没错,她在客厅装了摄像头,对着爬行垫和婴儿床。她上班的时候时不时打开手机看一眼,看我有没有按照她的标准流程带孩子。
有一次她晚上回来,翻着手机跟我说:“妈,今天下午豆豆睡了两个半小时,书上说这么大的婴儿白天小睡不能超过两小时,否则影响晚上睡眠。下次睡到两小时你把他叫醒。”
“叫醒了哭咋办?”
“哭一会儿就好了。”
“孩子在睡觉你把他叫醒,这不折腾人吗?”
方敏的脸色沉下来:“妈,这些都有科学依据的,你听我的行不行?”
我张了张嘴,把到嘴边的话咽了回去。
行。你说行就行。
豆豆六个月开始吃辅食,方敏买了一台辅食机,好几百块钱,说是进口的。
她把胡萝卜蒸熟,放进辅食机里打成泥,装进一个硅胶的小盒子里,一盒一盒码在冰箱冷冻层。每次吃的时候拿出一盒,用温水化开,再用一个感温勺喂。
我看着这通操作,心里那个别扭。
“妈,你以前喂我们也是这么喂的?”方敏问我。
“喂你们?你们小时候哪有这条件。你四个月的时候我拿筷子蘸了米汤往你嘴里抿,抿了两天你就不吃母乳了,光喝米汤。”
方敏的脸白了。
“妈!四个月不能喂米汤!孩子消化不了!”
“你不好好的吗?长到三十多岁了,哪有问题?”
“那是运气好!万一出事了怎么办?”
“能出啥事?你姥姥当年喂你舅舅,两个月就喂米汤了,你舅舅现在五十多了,壮得跟牛一样。”
方敏气得不行,拿着手机搜了半天,把一篇文章怼到我面前:“妈你看,世界卫生组织建议,婴儿满六个月之前只能喝母乳或配方奶,不能添加任何辅食!”
我扫了一眼那篇文章,没看进去。
“行,你说的都对,我听你的。”
这句话成了我在杭州四年的口头禅。不管方敏说什么,我都说“行,听你的”。不是妥协,是累。我不想跟她吵,吵赢了又能怎样?她是我闺女,我把她养大了,她过上了比我好一百倍的日子,我还有什么不满足的?
豆豆一岁的时候,我回了一趟老家。
公公在敬老院里摔了一跤,大腿骨裂了,敬老院打电话让我回去处理。
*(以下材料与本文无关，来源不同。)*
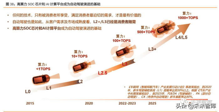 算力随着智能化提升不断提升,L1 需要<1TOPS 算力,L2 为 10+TOPS 算力,L3 为 100+TOPS 算力, L4 为 500+TOPS 算力,L5 为 1000+TOPS 算力,高算力需求推动 SOC 芯片和 AI 计算 平台迭起。

我跟方敏说了,她不太高兴。
“妈,你回去了谁带豆豆?”
“请几天假呗,或者让刘磊他妈来顶几天。”
“他妈在老家带他哥的孩子,来不了。”
“那就请育儿嫂。”
“临时请的育儿嫂靠得住吗?万一对豆豆不好呢?”
我在电话这头沉默了。
“妈,你能不能跟你那边说说,再拖几天?”
“你爷爷腿断了,拖着不治,以后瘫了咋办?”
方敏不说话了。
我知道她在想什么。她觉得我不够重视豆豆,觉得我在她最需要的时候撂挑子。但她不知道的是,这些年要不是我帮她带孩子,她那个班上的班,早就黄了。
我回去了七天,把公公转到了县医院,请了个护工,又回村把家里的房子收拾了一下,托刘婶每天去敬老院看看公公。忙完这些我又赶回了杭州。
回来那天,方敏开门的时候脸色不太好。
“妈,你回来了。”
“嗯,豆豆呢?”
“睡了。”
我换了鞋,去婴儿房看了一眼豆豆。小家伙睡得很香,嘴角还挂着口水。
“这几天他听话吗?”
“还行。”
方敏的语气很淡,淡到我能感觉到她在憋着什么。
果然,吃晚饭的时候,她开口了。
“妈,我想跟你说个事。”
“说。”
“我和刘磊商量了一下,觉得豆豆的教育问题,还是应该我们自己多费心。”
我放下筷子,看着她。
“什么意思?”
“就是……你以后主要负责家务和做饭,带孩子的事,我们自己来。”
“我自己来”三个字,她咬得很重。
我懂了。
不是不需要我带孩子了,是嫌我带得不好。
我没说话,拿起筷子继续吃饭。
方敏大概觉得伤着我了,又说了一句:“妈,不是说你带得不好,就是有些理念不太一样——”
“行了,我知道了。”
那顿饭吃得没滋没味。吃完饭我收拾碗筷的时候,手滑摔了一个盘子。方敏从客厅探过头来看了一眼,说了一句“没事,岁岁平安”,就又缩回去了。
我蹲在地上捡碎瓷片,手指被划了一个口子,血冒出来,滴在白色地砖上,红得刺眼。
我没吭声,拿纸巾擦了,继续捡。
豆豆两岁半那年,方敏和刘磊吵了一架。
具体因为啥我不清楚,但那天晚上方敏抱着豆豆从卧室出来,眼睛红红的,脸上还有泪痕。刘磊跟在后面,声音很大:“你让你妈评评理,我一个月两万块钱工资,房贷就要还一万二,剩下的钱够干啥?你天天买那些进口奶粉进口玩具,信用卡刷爆了三张,你让我怎么还?”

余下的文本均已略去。